Что привлекло внимание Мандельштама к этому пушкинскому отрывку и заставило переосмыслить его? Очевидно, здесь у Пушкина ненавязчиво, как бы вскользь, затронута принципиальная тема соотношения искусства и действительности, которая впоследствии стала чрезвычайно значимой в художественном и теоретическом сознании Серебряного века. Вопрос об эстетизации жизни, о претворении ее в произведение искусства с равной остротой стоял во всех сферах творческой деятельности. Так было в поэзии, где «младшие» символисты – Вяч. Иванов, А. Белый и другие – проповедовали внедрение искусства в толщу действительности, соборное действо, преобразующее мир по законам красоты, выводящее символ из словесной ткани – в живое сплетение человеческих душ и судеб. Так было в живописи, где возник «Мир искусства», имеющий дело с эстетизированной реальностью – театральной, архитектурной и пр. Так было и в театре, где Н. Евреинов предлагал и проводил опыты по внесению игровых начал в повседневную действительность («театр для себя» – программа превращения каждого человека в актера, каждого поступка – в сценическое действо); и в музыке, где А. Скрябин развивал грандиозные идеи о звуковом «управлении» мирозданием, о синтезе звуков и красок, жестов и слов в единое произведение – регулятор вселенской жизни; наконец, и в философии, где Д. Мережковский и особенно Н. Бердяев («Смысл творчества», 1916) усматривали в эстетической обособленности искусства признак его греховной неполноты, которую следует преодолеть выходом в реальное творчество.

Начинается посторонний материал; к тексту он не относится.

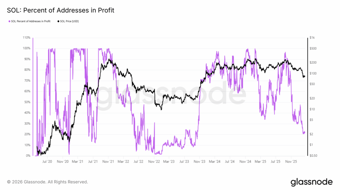 Lần gần nhất tín hiệu này xuất hiện là vào năm 2022 — thời điểm sau đó SOL đã lao dốc tới 95%, nhấn mạnh mức độ rủi ro mà thị trường hiện vẫn đang phải đối mặt.

Вся эта атмосфера эстетических ожиданий и пророчеств, сгустившаяся в России как раз к началу Первой мировой войны, плотно окружала и Мандельштама. Пушкинская строфа была им воспринята как некий аналог или, вернее, корректив современных ему умонастроений, как живое слово, требующее отклика.

В пушкинском фрагменте поражает прежде всего последовательная деэстетизация театрального зрелища и всей сопутствующей ему торжественной обстановки «храма искусств». Уже в первой строке дано невозможное, нелепое с точки зрения жанра и стиля смешение разнородных существ: амуров – персонажей античной мифологии, чертей – христианской демонологии, змей – китайского фольклора[54]. Причем они ведут себя одинаково – «на сцене скачут и шумят». И в движеньях, и в звуках – беспорядочность, суматошность, отсутствие эстетически организованной формы. Скачут и шумят – в естественной, неритмизованной жизни, а на сцене – пляшут и поют. Художественная иллюзия разрушается, уступая место будничному, безыскусному.

Но точно так же «нетеатрально», как персонажи на сцене, ведут себя и зрители в зале, – они не внимают, не восторгаются, не предаются высокому созерцанию, но ведут себя в соответствии с собственными прозаическими нуждами: сморкаются, кашляют… Эта обыденность, отступление от условных форм поведения, захватывает и мир за пределами театра. Лакеи спят на господских шубах; кучера, не стесняясь, бранят своих господ. Даже кони выходят из предназначенной им роли: бьются, вырываются из наскучившей им упряжи.

Наконец, Онегин, покидая театр во время представления, особенно резко демонстрирует нарушение эстетической условности – внутренней замкнутости художественного времени и пространства. Границы между театром и не-театром, между искусственным и естественным оказываются легкопреодолимыми. Театр еще не превратился в некое мирское святилище, где должны замереть все звуки обыденной жизни и воцариться благоговейная тишина. Жизнь безбоязненно вторгается в театр и плещется по его рядам, захватывая и алтарь – сцену. Весь пафос пушкинского описания – в той легкости и непринужденности, с какой театральный мир (в широком смысле – мир всяческих ролей, в том числе и социальных) выходит из равенства себе и размыкается в неупорядоченную, живую действительность.

вернуться

53

Приоритет в сопоставлении этих двух текстов принадлежит Левинской О. Л., которой автор глубоко благодарен за возможность воспользоваться рядом ее ценных наблюдений (затем самостоятельно обобщенных в ее курсовой работе «Театр в поэзии Мандельштама». Филфак МГУ, 1977 г.).

вернуться

54

Действие балета «Хензи и Тао», впечатление от которого отразилось в XXII строфе, происходит в Китае. См.: Слонимский Ю. Балетные строки Пушкина. Л., 1974. С. 79–87.